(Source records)
#####
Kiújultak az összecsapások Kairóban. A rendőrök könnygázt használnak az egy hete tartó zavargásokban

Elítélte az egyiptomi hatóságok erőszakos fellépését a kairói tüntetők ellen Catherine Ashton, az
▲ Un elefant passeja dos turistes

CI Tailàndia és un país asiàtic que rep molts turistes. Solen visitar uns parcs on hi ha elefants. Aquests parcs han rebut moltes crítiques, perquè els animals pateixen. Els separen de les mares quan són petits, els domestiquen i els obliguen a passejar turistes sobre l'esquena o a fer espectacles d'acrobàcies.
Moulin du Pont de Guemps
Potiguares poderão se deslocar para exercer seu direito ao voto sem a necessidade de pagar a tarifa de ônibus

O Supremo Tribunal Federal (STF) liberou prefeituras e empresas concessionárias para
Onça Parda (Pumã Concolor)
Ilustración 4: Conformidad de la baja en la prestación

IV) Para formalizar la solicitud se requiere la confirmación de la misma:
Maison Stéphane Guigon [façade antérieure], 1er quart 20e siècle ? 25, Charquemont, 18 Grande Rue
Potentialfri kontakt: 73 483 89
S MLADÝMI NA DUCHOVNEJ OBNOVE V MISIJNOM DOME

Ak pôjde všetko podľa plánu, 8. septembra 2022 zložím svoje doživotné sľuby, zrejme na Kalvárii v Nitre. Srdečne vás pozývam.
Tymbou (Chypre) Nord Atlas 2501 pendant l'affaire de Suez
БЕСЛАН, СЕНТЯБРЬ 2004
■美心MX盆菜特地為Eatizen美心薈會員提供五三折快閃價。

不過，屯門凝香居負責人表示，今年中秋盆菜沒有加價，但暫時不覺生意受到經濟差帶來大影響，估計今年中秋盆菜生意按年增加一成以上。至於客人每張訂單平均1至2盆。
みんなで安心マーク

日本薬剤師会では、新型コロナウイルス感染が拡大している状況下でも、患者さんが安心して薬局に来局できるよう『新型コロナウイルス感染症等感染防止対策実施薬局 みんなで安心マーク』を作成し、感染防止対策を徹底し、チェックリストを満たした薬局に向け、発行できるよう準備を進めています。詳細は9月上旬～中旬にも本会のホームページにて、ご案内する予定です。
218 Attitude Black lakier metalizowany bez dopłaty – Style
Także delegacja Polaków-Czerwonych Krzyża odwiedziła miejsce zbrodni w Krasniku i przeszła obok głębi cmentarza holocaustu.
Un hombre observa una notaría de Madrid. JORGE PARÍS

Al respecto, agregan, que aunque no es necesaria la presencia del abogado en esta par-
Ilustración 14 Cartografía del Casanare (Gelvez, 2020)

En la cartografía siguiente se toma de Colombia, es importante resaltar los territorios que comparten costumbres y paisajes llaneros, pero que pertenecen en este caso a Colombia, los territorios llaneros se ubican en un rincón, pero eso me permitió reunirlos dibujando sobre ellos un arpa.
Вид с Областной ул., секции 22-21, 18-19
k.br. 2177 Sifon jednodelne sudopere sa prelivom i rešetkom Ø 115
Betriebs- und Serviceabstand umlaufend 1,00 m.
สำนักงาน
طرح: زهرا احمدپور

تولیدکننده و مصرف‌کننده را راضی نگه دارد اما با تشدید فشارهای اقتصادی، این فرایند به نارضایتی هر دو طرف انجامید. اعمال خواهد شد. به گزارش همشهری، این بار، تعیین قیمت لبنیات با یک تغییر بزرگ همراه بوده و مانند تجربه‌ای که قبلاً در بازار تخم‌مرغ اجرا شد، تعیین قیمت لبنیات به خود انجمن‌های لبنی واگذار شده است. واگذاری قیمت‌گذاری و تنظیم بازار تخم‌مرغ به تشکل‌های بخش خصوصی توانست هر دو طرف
#####
What is being asked =
Only the number is wanted: how many lines in the entries above contain the string "みんなで安心マーク"?

Solution for this task =
2